State law allows some employers to pay disabled workers less than minimum wage.
That’s a good thing, say some advocates for the disabled, because many would not otherwise have jobs due to disadvantages in competing with non-disabled workers.
Subminimum wages are a bad thing, because it exploits a vulnerable population, say other advocates for the disabled.
Passion from both sides was displayed before the House Labor Committee Wednesday.
Sponsored by Rep. Hunter Cantrell (DFL-Savage), HF3433 would repeal state labor laws on people with disabilities and Minnesota Administrative Rules on subminimum wage rates for workers with disabilities effective Aug. 1, 2024. In order to ensure the repeals would not cause disabled workers to lose jobs, Cantrell said the bill would establish a task force to develop and implement a plan to slowly phase out subminimum wage laws.
“[This bill] ensures that people with disabilities are fully integrated and respected within all areas in our society, especially in the competitive workforce,” Cantrell said.

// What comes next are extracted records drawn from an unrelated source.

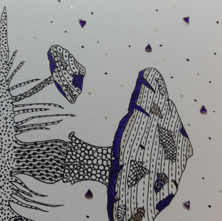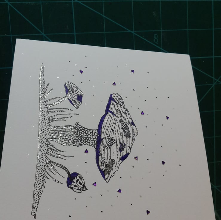 A completely handmade and uniquely designed card. Consisting of a trip of mushrooms hand drawn in pen and ink onto quality pristine white card. The design has been highlit in silver and purple. Finished off with tiny triangle purple beads
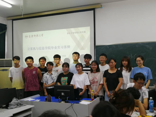 本次集中实习实训一共21天(周末正常上课)。7月31日上午8:30,公司举行毕业实习实训项目汇报答辩。 233名员工共分15小组,分别安排在稼先楼南311、308、307、304四个教室进行,每个教室有5-6名指导老师参加。按照要求,每个小组10-15分钟时进行汇报,包括答辩组长用PPT进行了项目介绍、开发人员进行项目功能演示等,最后由指导老师进行提问与点评。
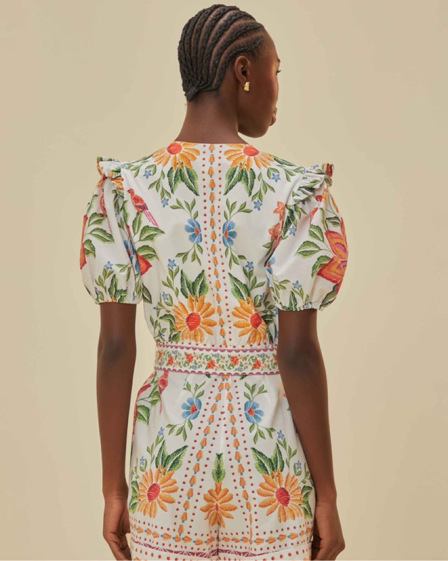 Farm Rio Off-White Bloom Garden Romper by Farm Rio - Pickle
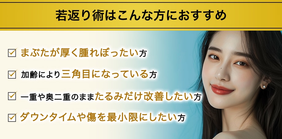 瞼の上のたるみや、消えない額のしわ、ボトックスを額に打って重たくなった方など、瞼のたるみを改善することで 以前の若々しい目元に若返ります。
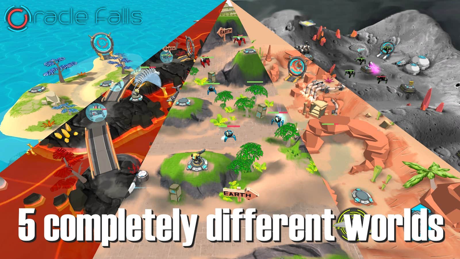 Oracle Falls - Yeryüzüne bilinmeyen bir uzaylı ırkı saldırdı ve en yeni robot teknolojilerini kullanıyorlar. Göreviniz onlardan geri kalmamak ve otomatik kuleler yardımıyla üssünüzü korumak. Elbette oyun ilerledikçe kulelerinizi açacak ve güçlendireceksiniz, ancak burada inşaat geminizin de çok önemli bir rolü var. Onun yardımıyla kristalleri kullanarak kulelerinizi geçici olarak güçlendirebilirsiniz. Kristalleri yenilemek için geminizi onların bulunduğu yere gönderin.
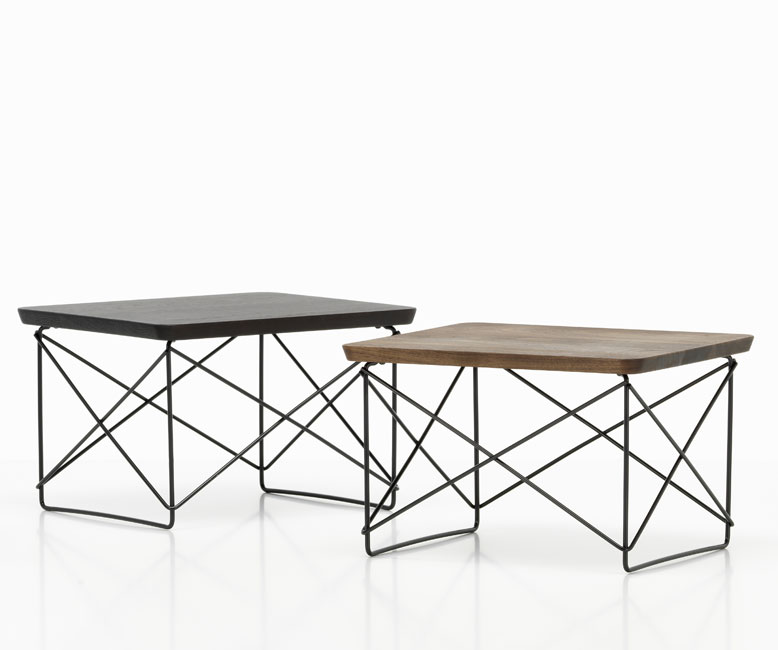 2017 legte Vitra die Eames LTR Occasional Tables mit verschiedenen Massivholztischplatten auf. Erhältlich sind noch bis zum Jahresende 2025 die Tischplatten wahlweise in Eiche oder Nussbaum. Wie bei allen LTR-Tischen ist dabei die Kante in einem Winkel von 20 Grad geschnitten.

Receiving committee approval, HF3433 was referred to the House Government Operations Committee. Sen. Richard Cohen (DFL-St. Paul) sponsors the companion, SF3561, which is awaiting action by the Senate Jobs and Economic Growth Finance and Policy Committee.
State law currently permits subminimum wage rates to be paid to workers with disabilities only after receiving a permit from the Labor Standards Division. The subminimum rate is based on the extent to which a worker’s performance is limited, but it cannot be below 50% of the minimum wage.
Noah McCourt, a disability-rights activist, said repealing subminimum wage laws is all about advancing civil rights for people with disabilities.
“The opportunity to work for pennies an hour is discrimination and exploitation,” he said.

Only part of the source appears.